The European Union and the Faroe Islands have come to an agreement to settle a herring dispute, with the EU ready to drop sanctions it had imposed on the northeast Atlantic island nation.
Last year, the Faroe Islands took the matter to the World Trade Organization (WTO), claiming that the EU had no right to ban countries from importing herring from the island group.
The dispute began when the Faroe Islands defied the herring quotas set by the EU, with the latter then accusing the autonomous Danish province of “massive overfishing”. However, Maria Damanaki, the EU’s maritime affairs commissioner, announced that the Faroese had said they will end their “unsustainable herring fishery” in the northeast Atlantic and drop their WTO complaint against the EU.
In return, Brussels has agreed to bring an end to the import ban and other measures brought against the Faroese, revealed Damanaki.

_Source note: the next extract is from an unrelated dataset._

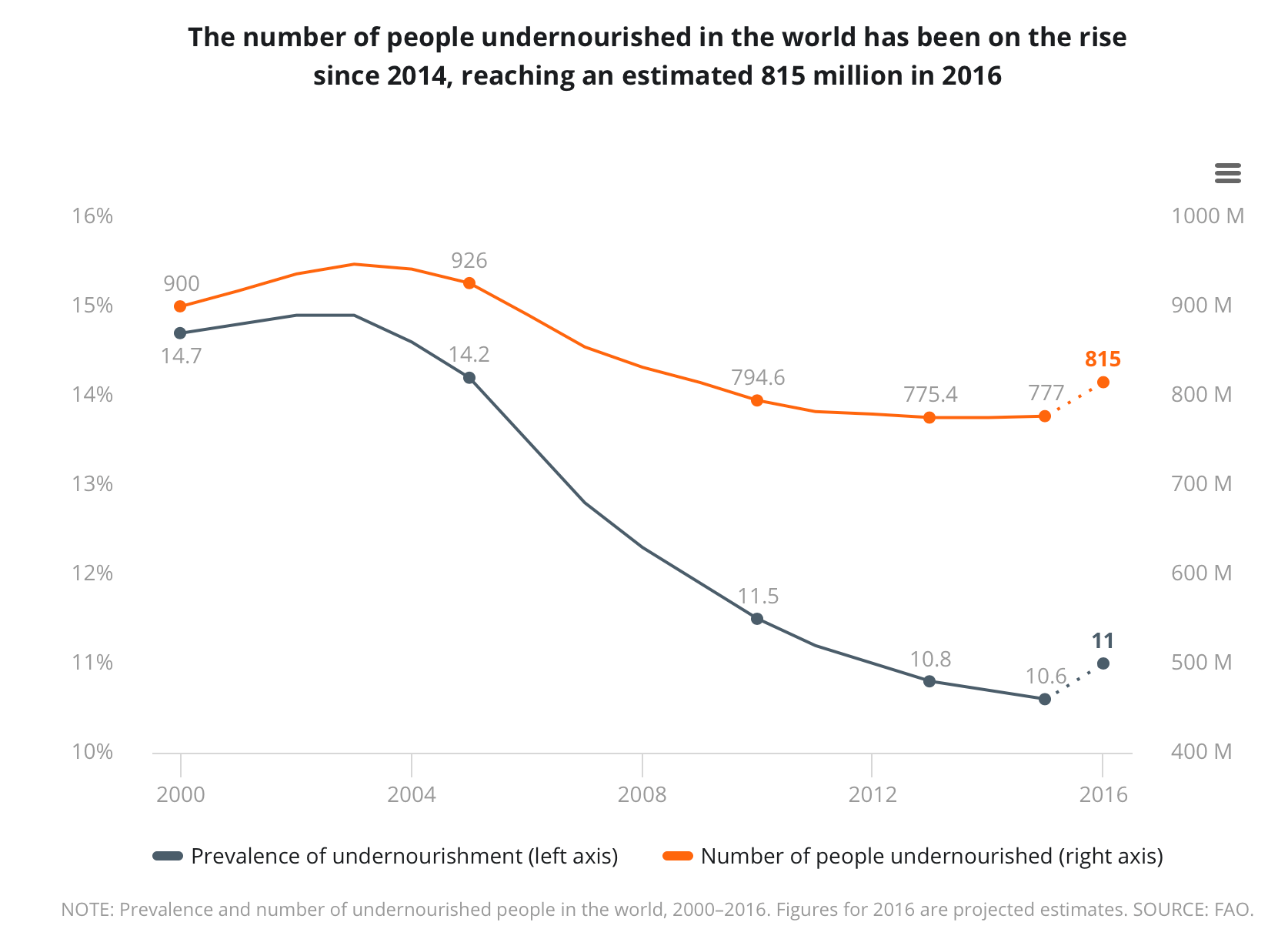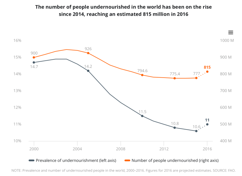 According to "The State of Food Security and Nutrition 2017", the number of starving people worldwide has been rising again since 2014. While there were around 900 million people starving in 2000, the number had fallen to 775 million in 2013, and has since risen to 815 million. The percentage of starving people in the total population also fell from 14.7 per cent in 2000 to 10.6 per cent in 2015, but has since risen again slightly. In sub-Saharan Africa, the absolute number of starving people has increased from 178 million in 2000 to 224 million in 2016.

She added that she was satisfied the herring dispute could finally be regarded as a thing of the past.
Disputes over quotas have intensified in recent years as fish species have begun migrating further north as a result of rising sea temperatures. In March, the EU agreed a similar deal with the Faroe Islands and Norway after a four-year dispute over mackerel quotas and how best to ensure the fishery was sustainable.
In 2010, the Faroe Islands unilaterally raised its quotas, resulting in the EU accusing it of overfishing of herring and banning its 28 member states from importing herring and mackerel from the island group. It also prohibited some of the Faroese’s fishing vessels from docking at ports within the EU.